At first the Emperor did not show his cards. He gave Loris-Melikov no reason to doubt the security of his position, although the Minister realized that the event of 1 March was a grave blow to his prestige. Nor was he apprehensive about the fate of the General Commission, for the Czar as heir had been a member of the committee that favoured the creation of that body. Both at home and abroad it was generally expected that the new reign would witness the beginning of representative government in the Empire. In fact, the aged Emperor Wilhelm wrote to Alexander III describing 'the underwater reefs one must steer clear of in granting a constitution.'

The General Commission came up for consideration on 8 March at a meeting of Ministers presided over by the Czar, and was quickly shelved by him, after Pobedonostzev had violently attacked the measure. In the ensuing weeks there was some uncertainty as to the course the Government would follow. And then, on 28 April, the Council of Ministers was confronted with the printed text of an Imperial manifesto, composed by the Procurator, which was promulgated the next day. The Emperor had approved it without consulting his Ministers, in flagrant violation of a decision adopted a few days previously. It proclaimed the Czar's determination to govern 'with faith in the might and justice of Autocratic Rule, which for the good of the people we are called to strengthen and defend from any encroachment.'

Loris-Melikov's first reaction on reading the manifesto was that it had been faked by the revolutionaries in order to arouse widespread indignation. He resigned, and several other administrators followed suit. They were replaced by advocates of reaction and repression. Pobedonostzev's triumph was complete. Commenting on the manifesto, the London Times wrote that it 'rudely shattered the hopes aroused by the new reign.' A statute issued in August was, as one historian put it, 'the Magna Carta Libertatum granted to the police against the citizenry.' The course that was to be followed for a generation was set. The People's Will had offered the Czar two alternatives. He made his choice.

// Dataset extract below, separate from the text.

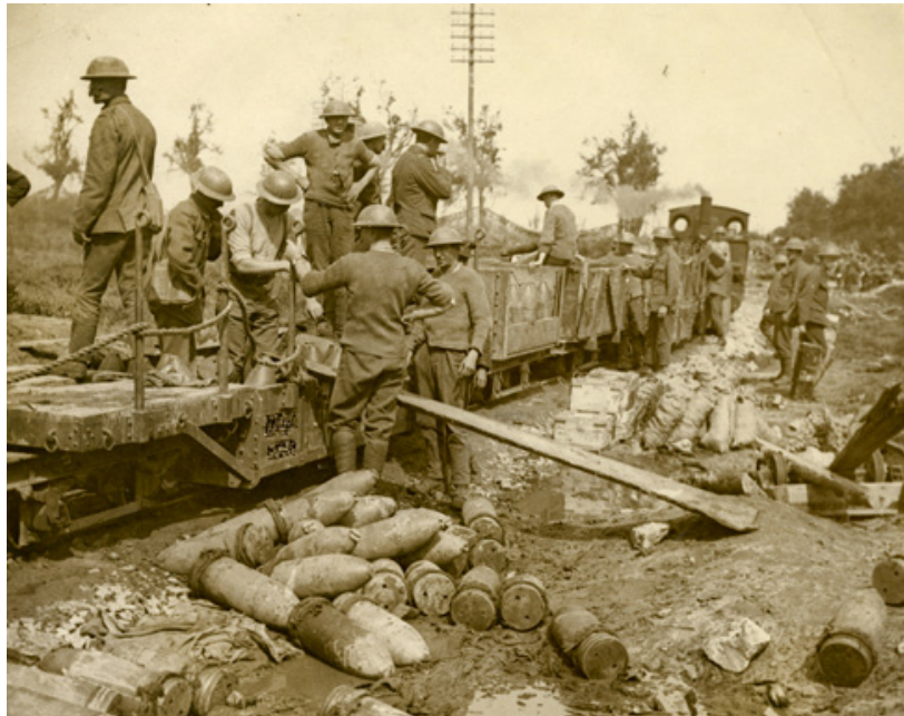
Industriële productie, wetenschappelijke innovatie en de wil tot het uiterste te gaan zouden de uitslag van de oorlog gaan bepalen

The blast on Yekaterininsky Canal was heard round the world. The press lamented the loss of 'a far-seeing and beneficent prince,' as the New York Herald had it, and Government bodies, including the Senate of the United States, extended official condolences to Alexander III. A small segment of the public, however, felt differently. Marx and Engels hailed the assassination as an event that 'must inevitably lead, even though after prolonged and cruel struggle, to the creation of the Russian Commune.' In London, Copenhagen, Vienna, Chicago, public meetings were held to celebrate the triumph of the Russian terrorists. On 15 March (New Style) four hundred persons gathered in New York at the Steuben House on the Bowery, listened to speeches in English, German, Polish, and Russian, and 'in the name of humanity' adopted a resolution congratulating the world on 'the overthrow of the absolutism of feudal autocracy in Russia' and the people of Europe on 'the removal of the greatest obstacle to the establishment of the Western Republic or the United States of Europe.'

The press accounts of the trial of the regicides made the names of Zhelyabov and Sofya Perovskaya known far and wide. While to many they meant the horrors of 'nihilism,' a few pronounced them with reverence. A California newspaper carried a ballad by Joaquin Miller, entitled 'Sophie Perowskaja,' [From The Californian the poem was reprinted in the New York Herald, 31 July, 1881, and it figures, minus two initial stanzas, in The Poetical Works of Joaquin Miller under the title, 'The Dead Czar.'] the concluding stanza of which read as follows:

The Czar is dead; the woman dead,
About her neck a cord.
In God's house rests his royal head --
Hers in a place abhorred.
Yet I'd rather have her bed
Than thine, most royal lord!
Yea, rather be that woman dead,
Than this new living Czar,
To hide in dread, with both hands red,
Behind great bolt and bar --
While, like the dead, still endless tread
Sad exiles tow'rd their star.

One of the first steps taken by the Executive Committee after 1 March was to issue a statement to the Western public, which described the execution of the Czar as an episode in the struggle against a despotism that injured not only the Russian people but all mankind. The Committee's letter to Alexander III made a favourable impression abroad. Marx and Engels found it proved that there were 'people with a statesmanlike bent of mind' in the ranks of the Russian revolutionaries. Yet the Party failed to take advantage of this fund of sympathy on the part of the liberal and radical circles in the West. It received no help from abroad. And that in spite of the fact that several emigres publicly championed the terrorists and that it had its own emissary in foreign parts.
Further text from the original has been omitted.